Common Design Notes

Design notes common to all hooking strategies.

Wrappers

Wrapper

Wrappers are stubs which convert from the calling convention of the original function to your calling convention.

If the calling convention of the hooked function and your function matches, this wrapper is simply just 1 jmp instruction.

Wrappers are documented in their own page here.

ReverseWrapper

Stub which converts from your code's calling convention to original function's calling convention

This is basically Wrapper with source and destination swapped around

Hook Memory Layouts & Thread Safety

Hooks in reloaded-hooks-rs are structured in a very specific way to ensure thread safety.

They sacrifice a bit of memory usage in favour of performance + thread safety.

Most hooks, regardless of type have a memory layout that looks something like this:

// Size: 2 registers
pub struct Hook
{
    /// The address of the stub containing bridging code
    /// between your code and custom code. This is the address
    /// of the code that will actually be executed at runtime.
    stub_address: usize,

    /// Address of the 'properties' structure, containing
    /// the necessary info to manipulate the data at stub_address
    props: NonNull<StubPackedProps>,
}

Notably, there are two heap allocations. One at stub_address, which contains the executable code, and one at props, which contains packed info of the stub at stub_address.

The hooks use a 'swapping' system. Both stub_address and props contains swap space. When you enable or disable a hook, the data in the two 'swap spaces' are swapped around.

In other words, when stub_address' 'swap space' contains the code for HookFunction (hook enabled), the 'swap space' at props' contains the code for Original Code.

Thread safety is ensured by making writes within the stub itself atomic, as well as making the emplacing of the jump to the stub in the original application code atomic.

Stub Layout

The memory region containing the actual executed code.
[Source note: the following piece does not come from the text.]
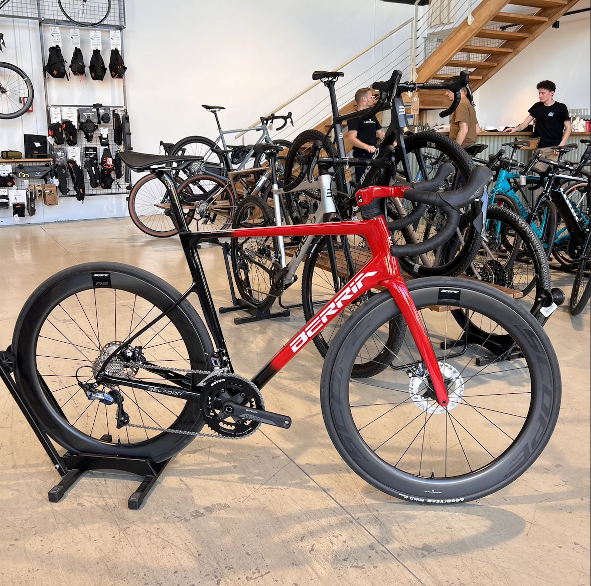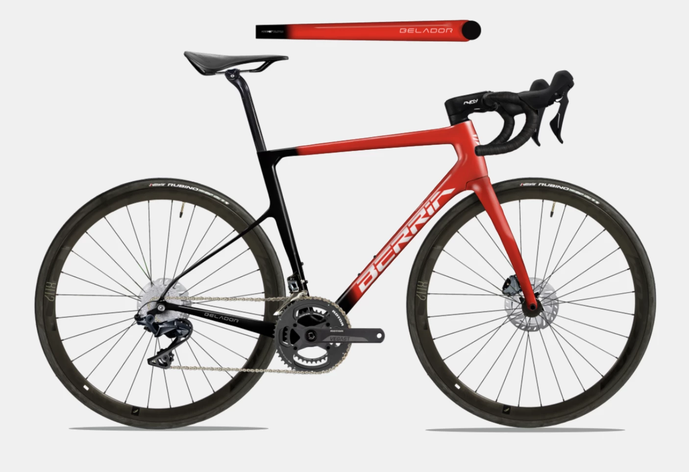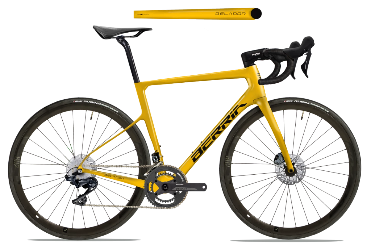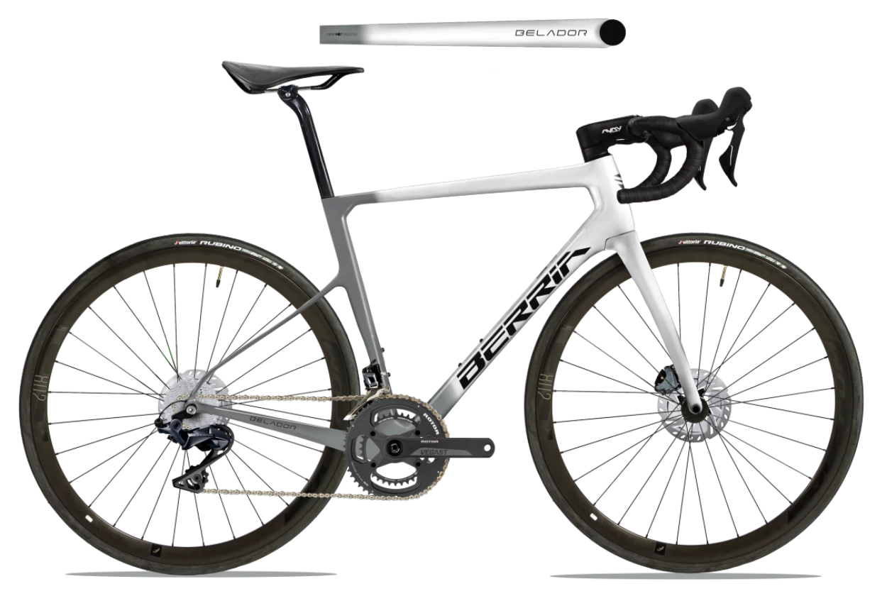 Cadre: PeintureBelador 5 DISC, Racing Geometry BGC Aero Shape Efficiency (ASE), Full carbon HM2X, Triple monocoque, Resin Matrix Nanotech, BB86 botton bracket, Full internal cable system ICS2, Headset semi integrated OH2S 1-1/2″- 1-1/ 2″, frein Flat Mount System, pneu maximun 700×34, axe traversant 12x142mm type Speed Release, poids 990g

The stub has two possible layouts, if the Swap Space is small enough such that it can be atomically overwritten, it will look like this:

- 'Swap Space' [HookCode / OriginalCode]
<pad to atomic register size>

Otherwise, if Swap Space cannot be atomically overwritten, it will look like:

- 'Swap Space' [HookCode / OriginalCode]
- HookCode
- OriginalCode

Some hooks may store, extra data after OriginalCode.

For example, if calling convention conversion is needed, the HookCode becomes a ReverseWrapper, and the stub will also contain a Wrapper.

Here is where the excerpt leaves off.